June 14, 2018
By Louis Zatzman
The second match between the Toronto Rush (8-1) and the Ottawa Outlaws (2-7) could not occur in more different circumstances from the first. The May contest saw Toronto host Ottawa on the Sunday after a Saturday massacre of the D.C Breeze. Toronto was tired, yet content and satiated.
This weekend, Toronto is more motivated for a statement win than they have been since the start of 2018. Last weekend, the Rush lost to the Breeze in D.C, stretching their streak of losses in America’s capitol to a whopping three games. By comparison, the Rush have only lost seven regular season games total, including those three.
The Rush can’t beat the Breeze by playing Ottawa, but they sure can relieve some frustrations. Look for the Rush to come out sharp. Toronto is best when hyper-focused, paying attention to every detail on the field.
Last time against Ottawa, Toronto took a quick 7-2 lead. It seemed that they would waltz to an easy win, but the team lost focus. An easy source of blame would be the fact that Toronto and Ottawa players are all friends; most have played together on the same team at some point. Younger Rush players are especially familiar with the Outlaws due to shared time on Canada’s U24 team in Perth, Australia, this past AUDL pre-season. It’s harder to beat up on friends than strangers.

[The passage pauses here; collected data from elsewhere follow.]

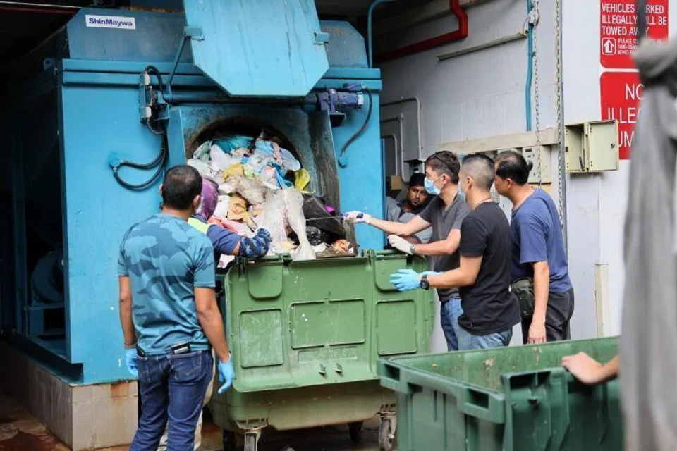 At about 2.15pm, plainclothes police officers were seen going through the rubbish at the block’s bin centre with a metal rod. A knife, believed to have been used in the incident, was seized, the police said.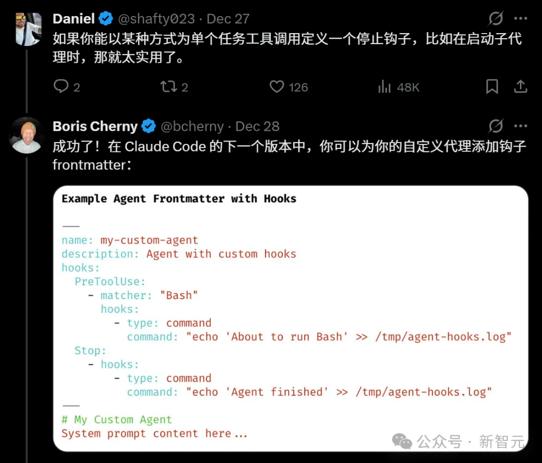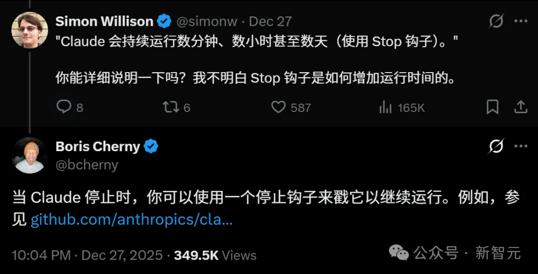 为什么Claude可以持续运行好几天?Boris解释道,当它停止时,可以使用一个停止钩子来「戳」它,让它继续运行。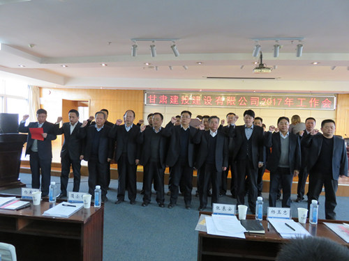 在會上,建設(shè)公司19名處級干部進(jìn)行了集體廉政宣誓隨后進(jìn)行了勤政廉政民主測評,黨委書記張國虎代表公司領(lǐng)導(dǎo)班子作了《2017年工作會議報告》,同時,公司領(lǐng)導(dǎo)分別與基層各單位負(fù)責(zé)人簽訂了2017年度建設(shè)公司經(jīng)營、黨建、黨風(fēng)廉潔建設(shè)等目標(biāo)責(zé)任書。最后,會議表彰了2016年各類先進(jìn)單位和個人。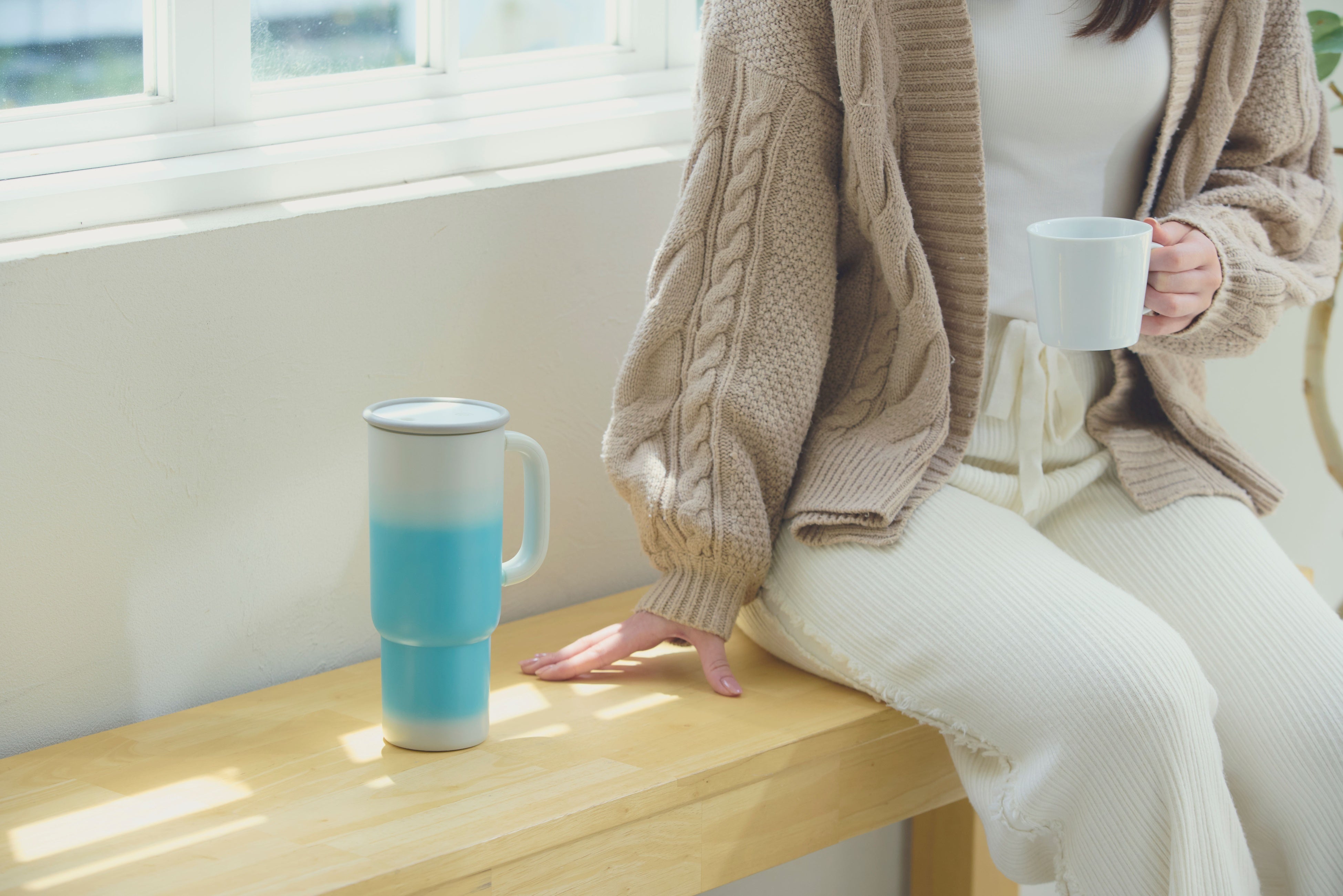 「寒さで気分が落ち込みがちな季節でも気分が上がるように」とカラフルなラインアップを取り揃えました。本体はアイボリー→ターコイズ、ピンク→ブルー、ネイビー→パープル、イエロー→オレンジへとそれぞれ変化する4色です。お好みのカラーを選んで、日常に彩りをプラスできます。

Expect the Rush to harbour no such moral qualms this time around. Coach Sachin Raina noticed that his team lost focus last time against Ottawa. The 7-2 lead evaporated by half, and Ottawa even held a few leads late into the fourth quarter before Toronto pulled ahead. Nothing sharpens a team’s focus like a loss, especially when the players were beginning to believe a perfect season was possible. The Rush have plenty of reasons why they will be better this weekend.
Of course, Andrew Carroll will return on offence, and Bretton Tan will return on defence. They are as important to their respective lines as any other players rostered by the Rush, and the boost from their returns cannot be overstated. Carroll’s return will likely push speedster Jay Boychuk to a fill-in role on both lines, and his fresh legs when joining the offence will punish opponents. Tan’s return to the defence will likely bump athletic rookie Nick Dacquisto back to the second defensive line. Tan will resume his mind-meld handler defender duties alongside Jason Huynh and occasionally Jaret Meron, when Ottawa plays in sets with three handlers.

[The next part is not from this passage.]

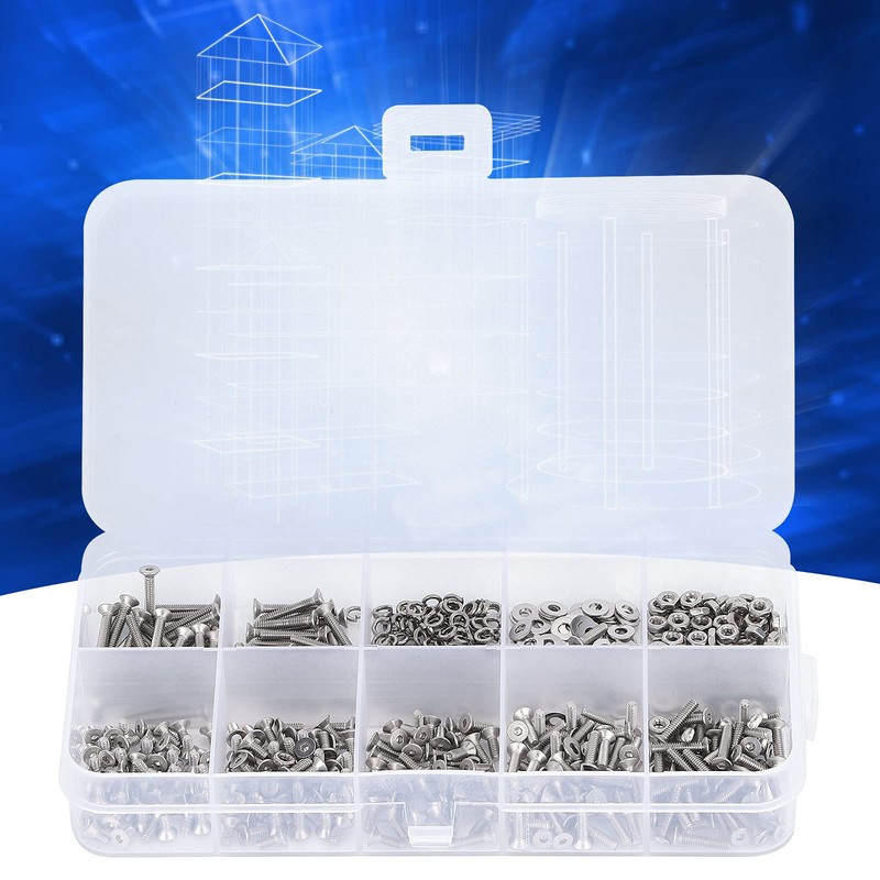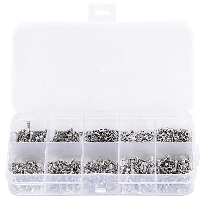 Juego de Surtido de Acero Inoxidable 304 Arandelas de Tuercas Hexagonales de Tornillos de Pernos de Tapa de Enchufe Avellanado de 600 Piezas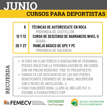 Es interesante conocer que la oferta formativa se puede adaptar al nivel de un grupo, club o asociación, siempre con un mínimo de participantes. Si se trata socios de un Club FEMECV se dispone de condiciones especiales.

“If you ever watch [Tan] and [Huynh] play together defensively, they share a brain sometimes. They're just so familiar with each other because they've been playing with each other for years,” raved coach Sachin Raina about their chemistry and switchability.

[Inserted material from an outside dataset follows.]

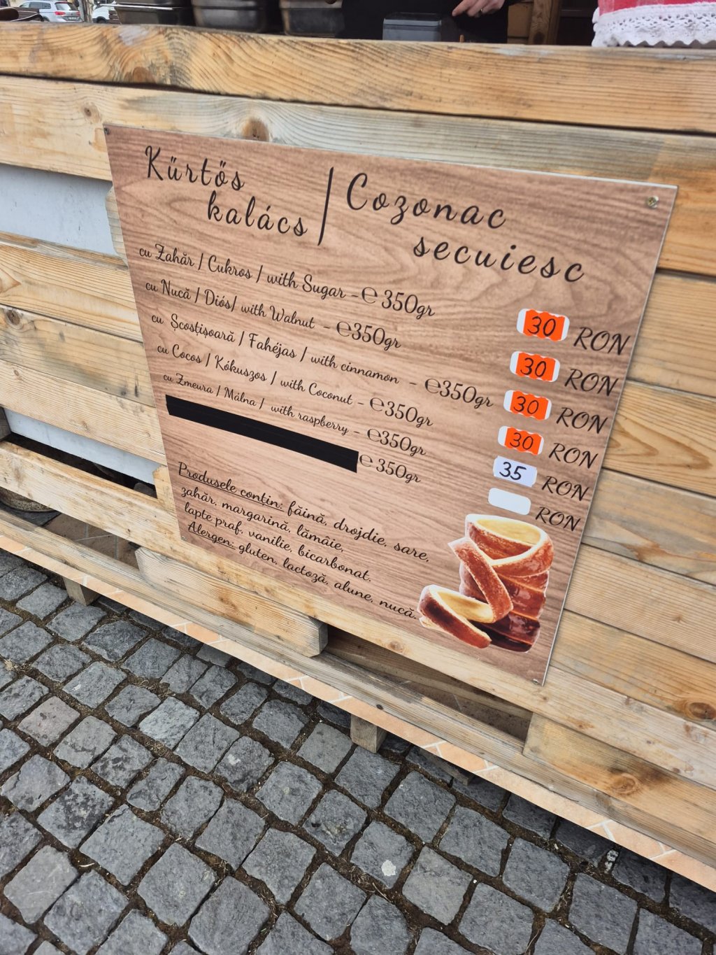 De la căsuțele de la târguri nu lipsește nici kürtőskalács-ul. Acesta are prețuri între 30 - 35 lei.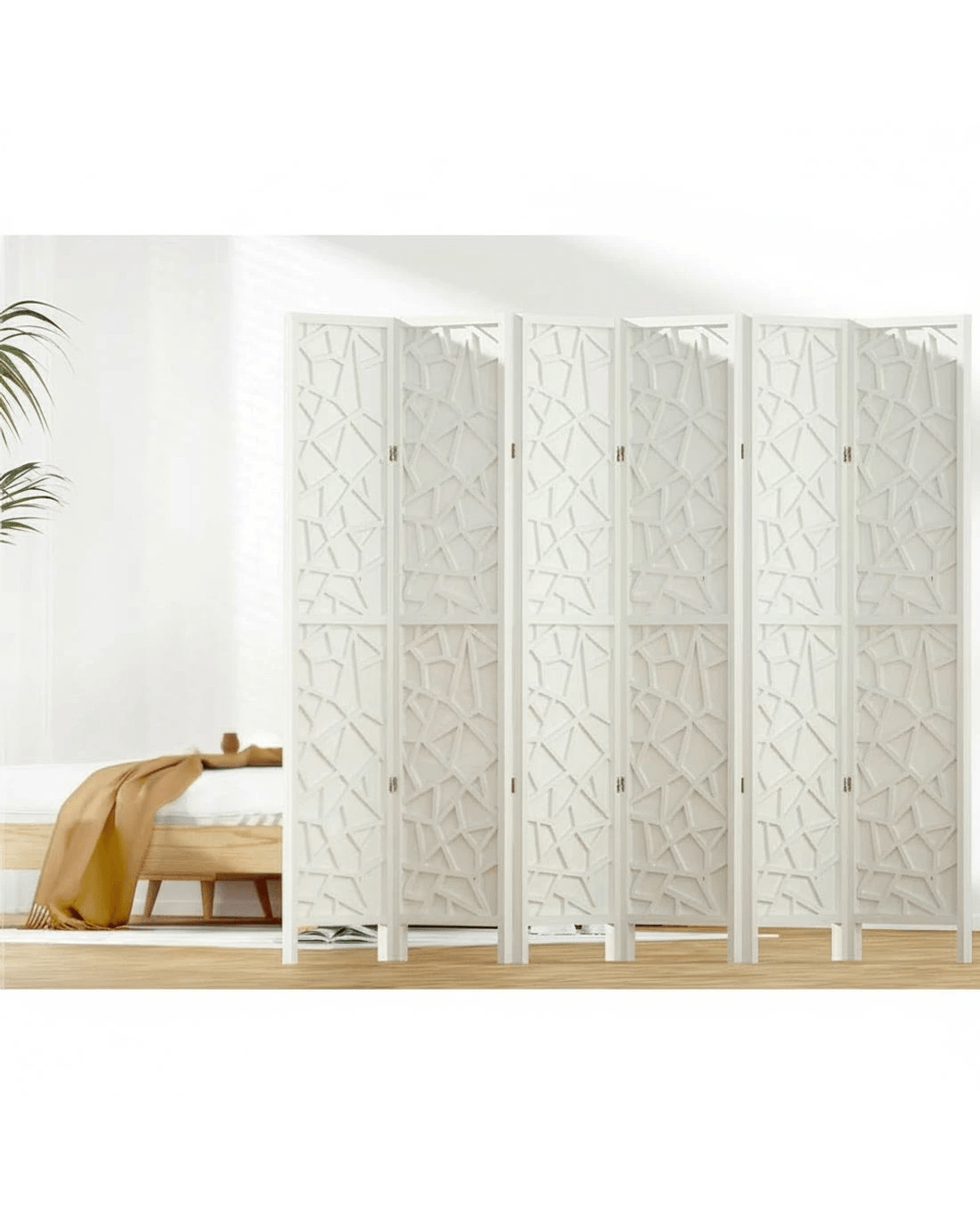 Need some privacy? Or want to make more practical use of space in your home? With our Artiss room dividers, you can create private pockets and zones or divide a large room into separate areas in minutes. It creates an illusion of different rooms without the need to add a solid wall. You can choose from our 3, 4, 6, or 8-panel room dividers in white, black, and natural wood tones. They feature solid pine wood construction with durable and breathable non-woven fabric, which ensures longlasting use. The room divider screen boasts eco-friendly and non-toxic paint that offers good resistance against cracks, fading, water, and corrosion. Additionally, its lightweight and portable design makes it easy to move from one room to another effortlessly. The panels of our room divider can also be folded, and the two-way metal hinges ensure sturdiness and ultimate stability. You can even assemble the panels easily. Purchase our room dividers and create a private area wherever you like.

Rookie Ben Oort will be a gametime decision, as he dislocated his right thumb on a highlight catch in the endzone against D.C. If Oort is unable to go, fellow AUDL rookie Hugh Knapp will likely continue to fill in on the offence. Defensive captain Bomber Powell is another gametime decision; his athleticism and intensity on the D-Line are incredible boosts, as he’s one of Toronto’s best options defending the freakishly athletic Alec Arsenault.
When the Rush beat the Outlaws in May, they were keyed by a variety of contributors. Ben Burelle led the team in assists, with 4. He only attempted 8 passes on the game, but half were thrown to the endzone. Handler Connor Armstrong finished with the most goals for the Rush, at a modest 3. Brothers Derek and Ken Alexander led the Ottawa Outlaws in assists and goals.
The game tips at 6:30 PM Eastern at Toronto’s Monarch Park Stadium. The in-game microphones will, as always, be manned by comedian Al Val and announcer Chris Povey. Their chemistry and performance always match anything the Rush put forward on the field. Tickets are still available.
To help set the stage for the game, defensive captain Nick Boucher helped me by answering a few questions. The transcript below has been lightly edited.
Louis Zatzman: How's the nose? (Editor’s note: Boucher broke his nose last time playing in Toronto.) That must have been a paaaiiiinful drive back to Ottawa.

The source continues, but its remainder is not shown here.